Cracking the Safe Solution in C++

Welcome to the world of “Cracking the Safe” where your coding skills are put to the ultimate test! Imagine you’re a master thief—no, not the kind who steals candy from a toddler, but the kind who cracks safes. You’re faced with a safe that uses a combination lock made up of numbers. Your task is to figure out the correct combination that opens the safe, and it’s no walk in the park!

Problem Description

You are given two integers n and k. Here, n represents the length of the password and k represents the number of different digits available (0 through k-1). Your goal? Construct a string that represents a combination of digits such that every possible combination of length n appears as a substring.

Code Solution


class Solution {
 public:
  string crackSafe(int n, int k) {
    string ans(n, '0');
    dfs(pow(k, n), n, k, {ans}, ans);
    return ans;
  }

 private:
  bool dfs(int passwordSize, int n, int k, unordered_set&& seen,
           string& path) {
    if (seen.size() == passwordSize)
      return true;

    string prefix = path.substr(path.length() - n + 1);

    for (char c = '0'; c < '0' + k; ++c) {
      prefix.push_back(c);
      if (!seen.contains(prefix)) {
        seen.insert(prefix);
        path.push_back(c);
        if (dfs(passwordSize, n, k, std::move(seen), path))
          return true;
        path.pop_back();
        seen.erase(prefix);
      }
      prefix.pop_back();
    }

    return false;
  }
};

Approach Explanation

The above code uses a depth-first search (DFS) strategy to explore every possible combination of digits.
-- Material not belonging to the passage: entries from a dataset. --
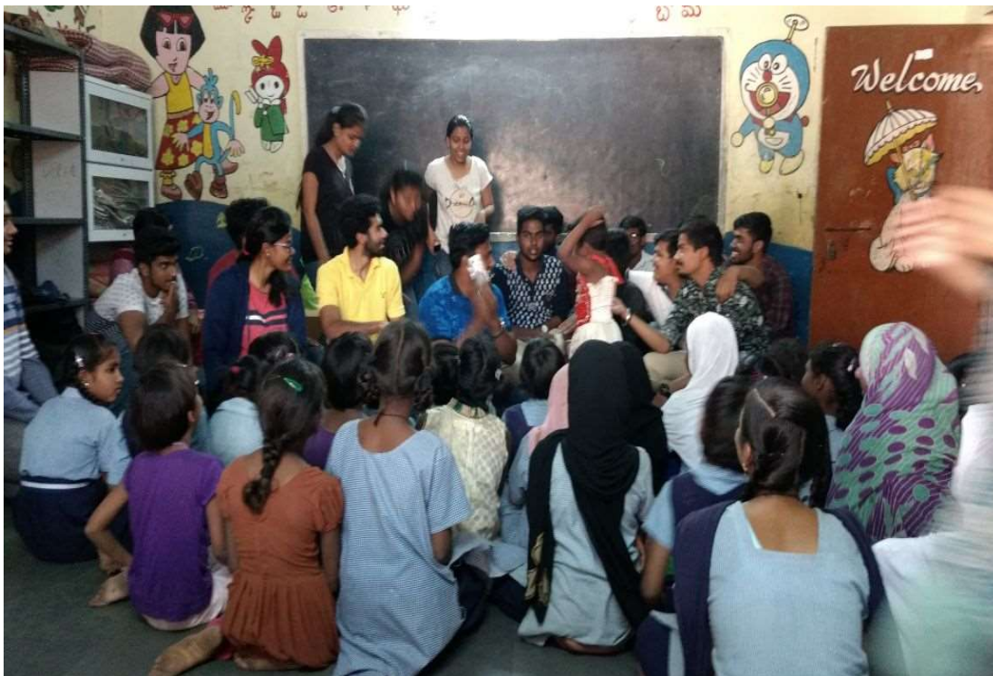
Rainbow home, orphanage for girls

There were 40 Orphans to whom our students donated rice, toor dal, udad dhal, sugar, idli rawa, tooth paste along with brushes, oil boxes, coconut oil, soaps, scrubbers, powder etc and a cash of Rs.6,000/-which are recommended by them. We spent most memorable time from 8.30 am to 12.30 pm with them.
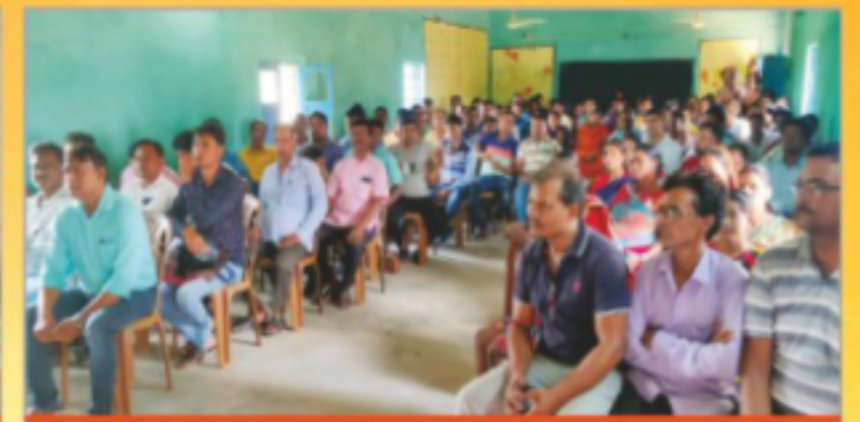
Parent Teacher Meeting
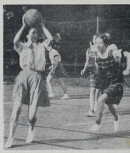
THE BIRD GOES TO AWAY —A duck playing basketball in an indoor basketball match at Seaburn Park, Hastings, on Saturday, where a Broucher player (right) is just over under the net of an opposing member of the Primary team.
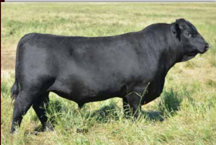
S7R SUPER DUTY 23C
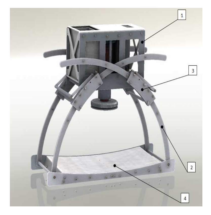
Fig. 1. General appearance of external cardiac compressor: mechatronic drive (1), rod attachment (2), position control mechanism for the actuator depending on the size of the patient's thorax (3), dorsal plate (bottom) (4)

The developed ECC is presented on Fig. 1.

It constructs a string and checks if all possible combinations of length n have been seen. If not, it keeps adding digits until it finds a valid combination that meets the criteria.

Real-World Example

Imagine you're trying to unlock a super-secret vault filled with treasure! This vault doesn’t just accept any random number; it requires you to dial in every possible combination of four digits (0-3). With a little help from your coding skills and this algorithm, you'll crack the vault open faster than you can say "Jackpot!"

Time and Space Complexity

Time Complexity: O(kⁿ), where k is the number of digits and n is the length of the password.

Space Complexity: O(kⁿ), as well, due to the storage of all seen combinations in an unordered set.